Yüzbaşı Roger Lambelin (Laval, 13.10.1857 – Pâris, 16.5.1929), Siyonist Emperyalizmi hakkında mevsûk bilgilerle dolu kitablar neşretmiş, Charles Maurras hayrânı (aşırı) bir Fransız Milliyetcisidir. Bizim noktainazarımızdan, -bütün kitablar için de bahis mevzûu olduğu gibi, dâimâ tenkîdî zihniyetle değerlendirilmesi lâzım gelen- kitablarındaki mevsûk bilgiler ile İngiliz hâkimiyetine geçtikden sonra (Şubat 1920) ziyâret ettiği Filistin’e dâir –objektif müşâhedelere müstenid- hâtırâtı ve tahlîlleri (yukarıdaki iktibâsı yaptığımız kitabının VII ve VIII. Fasılları) çok mühimdir.

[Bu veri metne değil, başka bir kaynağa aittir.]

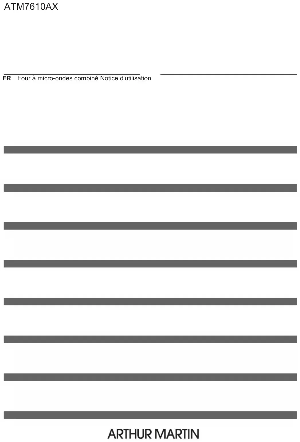 ATM7610AX FR Four à micro-ondes combiné Notice d'utilisationTABLE DES MATIÈRES Information sur la sécurité 2 Consignes de sécurité 5 Description de l'appareil 8 Bandeau de commande 9 Avant la première utilisation 10 Utilisation quotidienne 10 Fonctions de l'horloge 12 Utilisation des accessoires 15 Fonctions supplémentaires 16 Conseils et astuces 17 Entretien et nettoyage 34 Dépannage 36 Rendement énergétique 37 En matière de protection de l'environnement
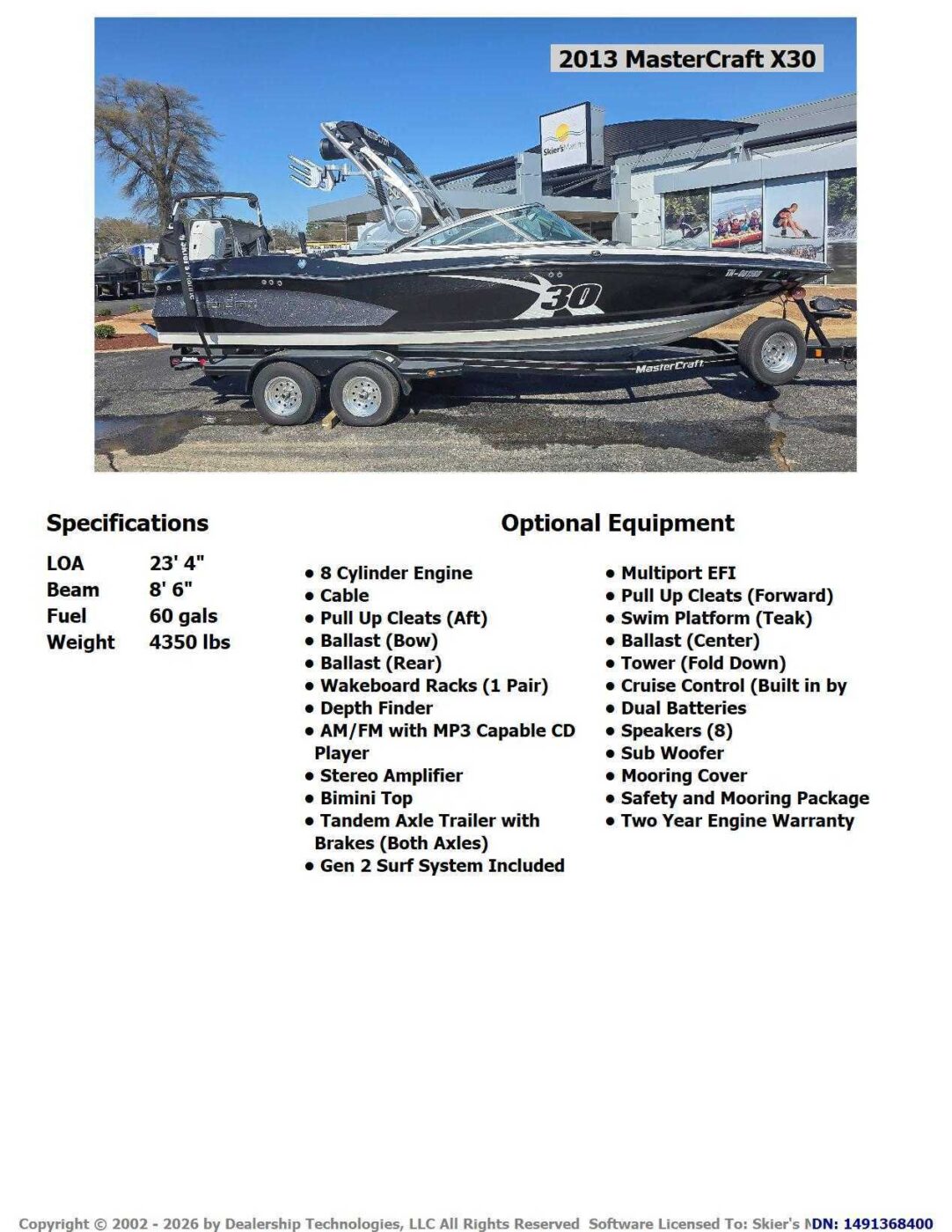 The 2013 MasterCraft X30 is a premier "do-it-all" crossover that perfectly balances high-end luxury with athletic performance. It is a standout choice because it introduced the Gen 2 Surf System, offering one of the most customizable and consistent waves of its era, while its 23-foot hull and deep-V entry allow it to handle rough water much better than smaller towboats. With a massive 16-person capacity, high-quality Ilmor powerplants, and an upscale interior that has aged remarkably well, it remains a top
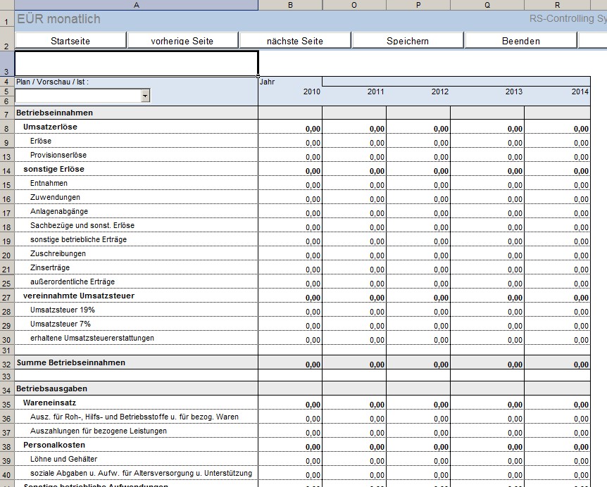 Das System bietet zusätzlich verschiedene Auswertungsmöglichkeiten wie zum Beispiel eine Einnahmen-Überschuss-Rechnung auf Monatsbasis oder die wichtigsten Kennzahlen für ihr Unternehmen in einem Bericht. Zusätzlich bietet dieses Tool eine Import-Tabelle zur Erfassung der IST- Daten. Durch die Anzeige der drei wichtigsten Kenngrößen Umsatz, liquide Mittel und Jahresüberschuss zum aktuellen Monat auf der Startseite, haben Sie sofort alle wichtigen Größen im Überblick.
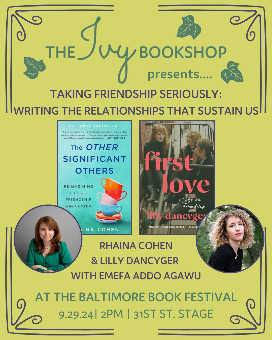 For this 2pm panel, we’re so excited to be joined by Rhaina Cohen, author of The Other Significant Others: Reimagining Life with Friendship at the Center, and Lilly Dancyger, author of First Love: Essays on Friendship, who will discuss their recent works of nonfiction in conversation with Baltimore-based writer and editor Emefa Addo Agawu.
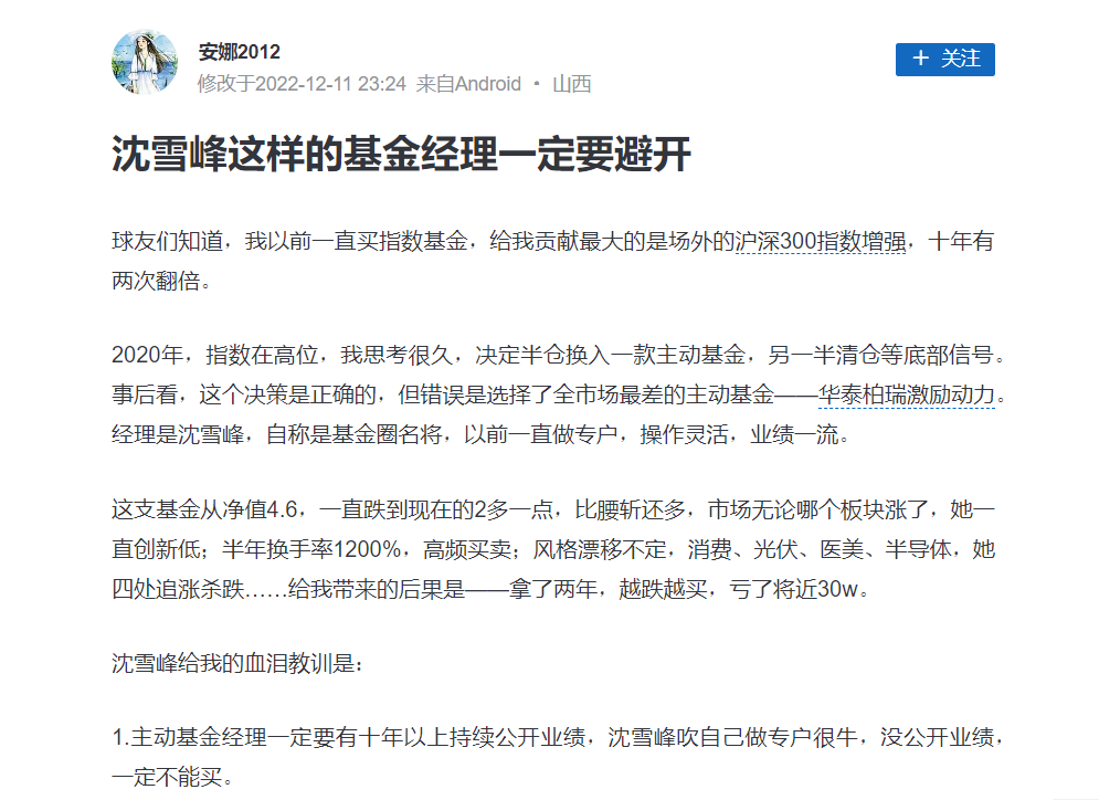 在知乎上,有个网名安娜2012的人,2022年12月11日,发文称:2020年,指数在高位,她思考很久,决定半仓换入一款主动基金,另一半清仓等底部信号。当时,她选择了沈雪峰管理的华泰柏瑞激励动力。
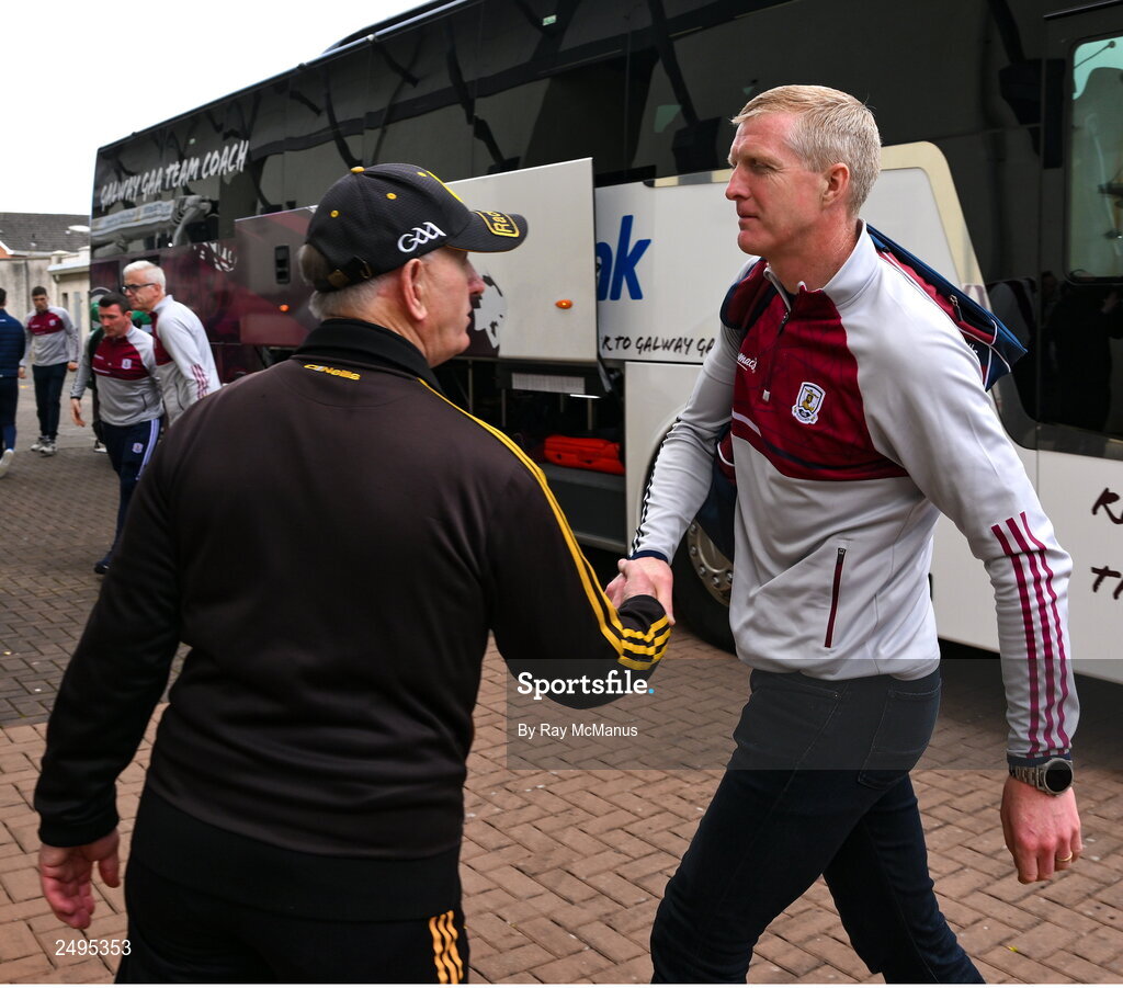 30 April 2023; Galway manager Henry Shefflin is greeted on his arrival by Kilkenny kitman Rackard Coady before the Leinster GAA Hurling Senior Championship Round 2 match between Kilkenny and Galway at UPMC Nowlan Park in Kilkenny. Photo by Ray McManus/Sportsfile
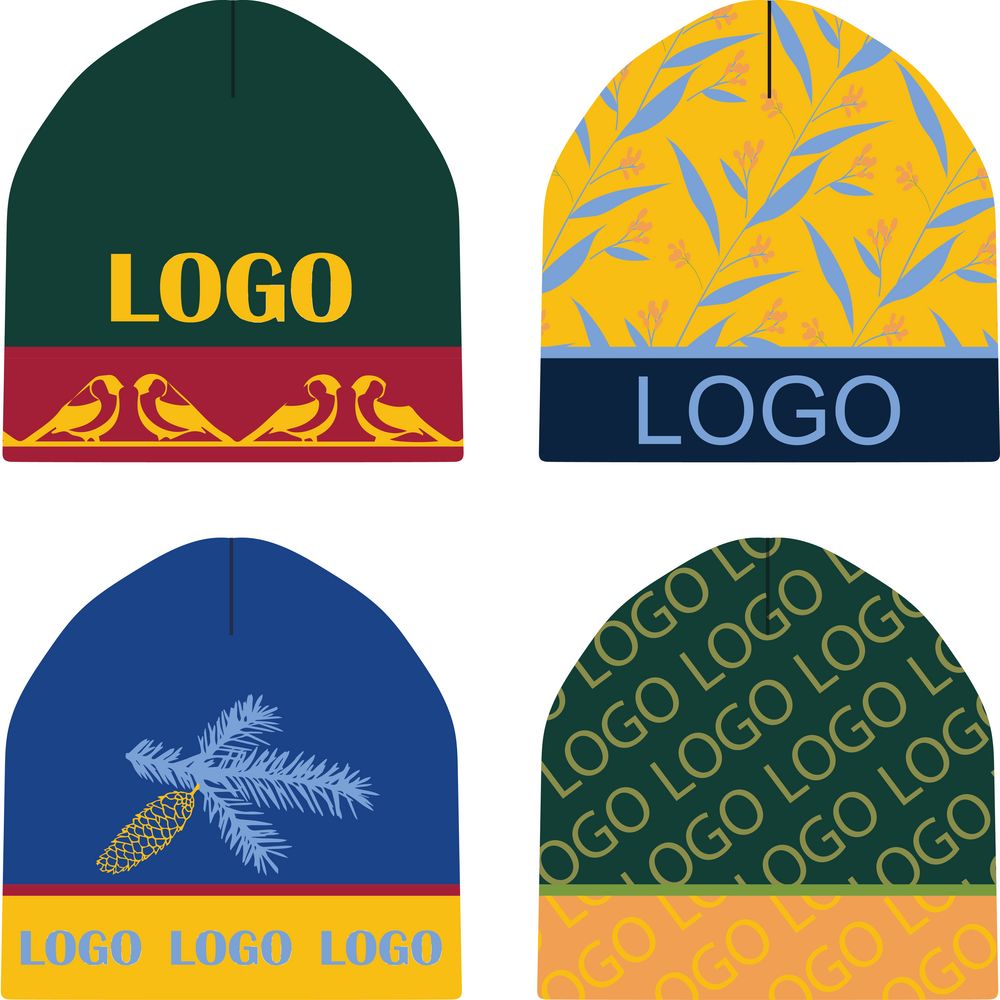 Шапка с вывязанным логотипом и индивидуальным рисунком в фирменной цветовой гамме.
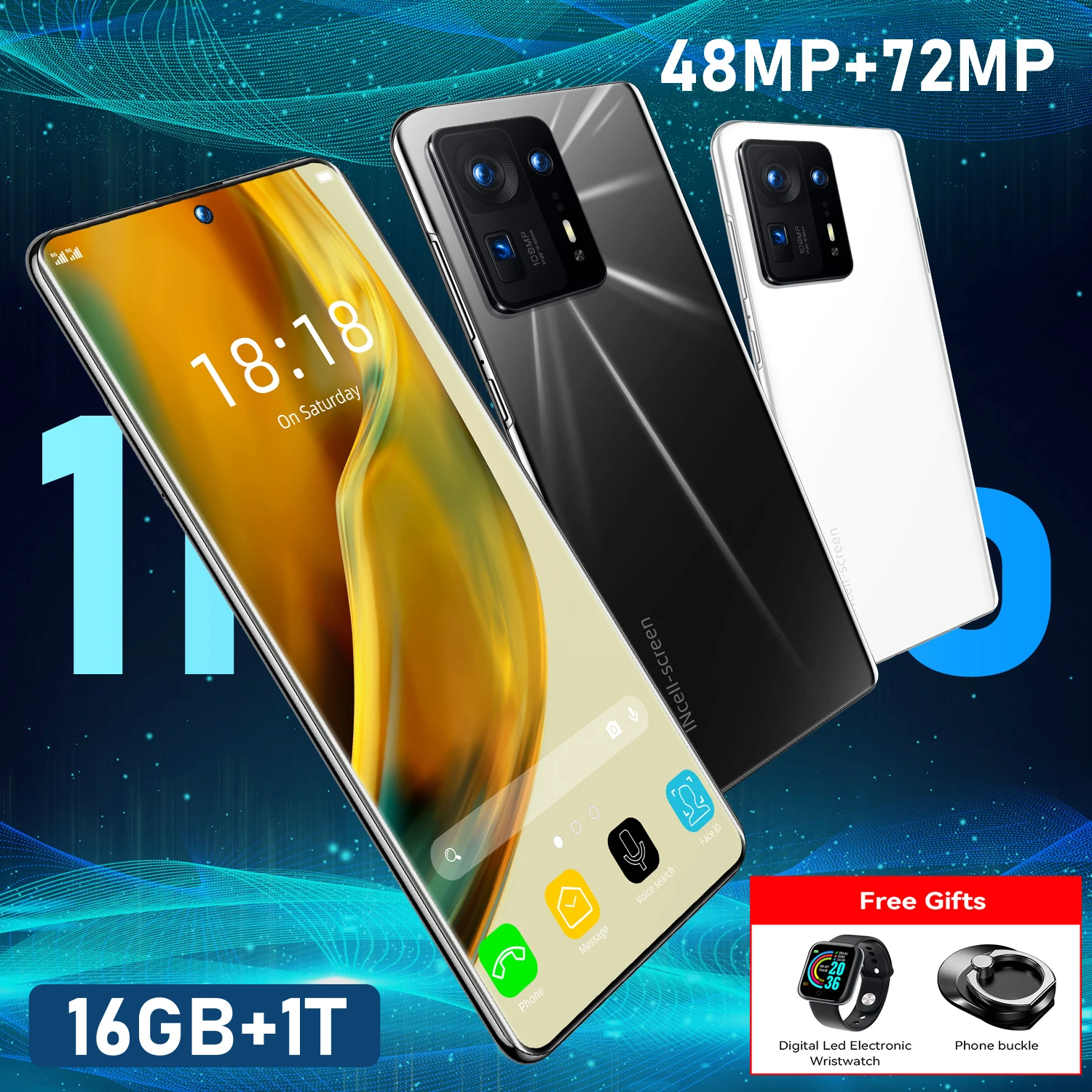 Смартфон, 7,3 дюйма, 16 ГБ + 1 ТБ, Android 12, 4Gтелефон, 48 Мп + 72 м

Yüzbaşı Lambelin’in, Siyonist Emperyalizmine mütedâir neşriyâtındaki en büyük zaaf noktası, kuvvetli ihtimâlle uydurma olan Siyon Hükemâsının Protokolleri’nin sahîh olduğuna inanarak yaptığı yorumlardır. Hâlbuki, dâimâ isbât müddeîye düşer; müsbit delîllerle isbât edilemiyen her iddiâ keenlemyekûn hükmündedir…

Bizde de, Benî İsrâil (veyâ Siyon) Hükemâsının (veyâ Liderlerinin) Protokolleri ismiyle 1930’lu senelerden beri neşredileduran bu sahte vesîka (evet, kat’î delîllerle aksi isbât edilmedikce, ondan ancak bu tâbirle bahsedilebilir), Milletimizin uyanması, Siyonizm ve Farmasonluk hakkında şuûrlanılması, Yahûdiyât ve Masoniyât Enstitüleri kurulması, her sâhada İlmî Araştırma Müesseselerine vücûd verilmesi, Târihî Türkcenin tekrâr Resmî Dil yapılması, Millî Kültür ve Millî Ahlâk seviyelerinin yükseltilmesi, makyavelist siyâsetcilerin peşine düşülmemesi, Maârife İlmî Zihniyet ve Millî Kültürün hâkim kılınması, Kemalist Totaliter Rejimin tasfiye edilmesi, ilh… gibi hayâtî mücâdele sâhalarında müsbet bir têsîr icrâ etmemiş, hiçbir amelî müsbet netîcesi görülmemiştir. (En azından, bizim müşâhedemiz böyle!) Binâenaleyh, sap ile samanı birbirine karıştırarak, tahkîksiz, delîlsiz, kuru kuruya Yahûdiler aleyhinde atıp tutmanın, -bir avuc da olsalar- Siyonist olmıyan Yahûdilerle Siyonistleri aynı kefeye koymanın mânâsı nedir? Haksız her ithâmımız için Rabbülâlemîn tarafından hesâba çekileceğimizi bilmiyor muyuz?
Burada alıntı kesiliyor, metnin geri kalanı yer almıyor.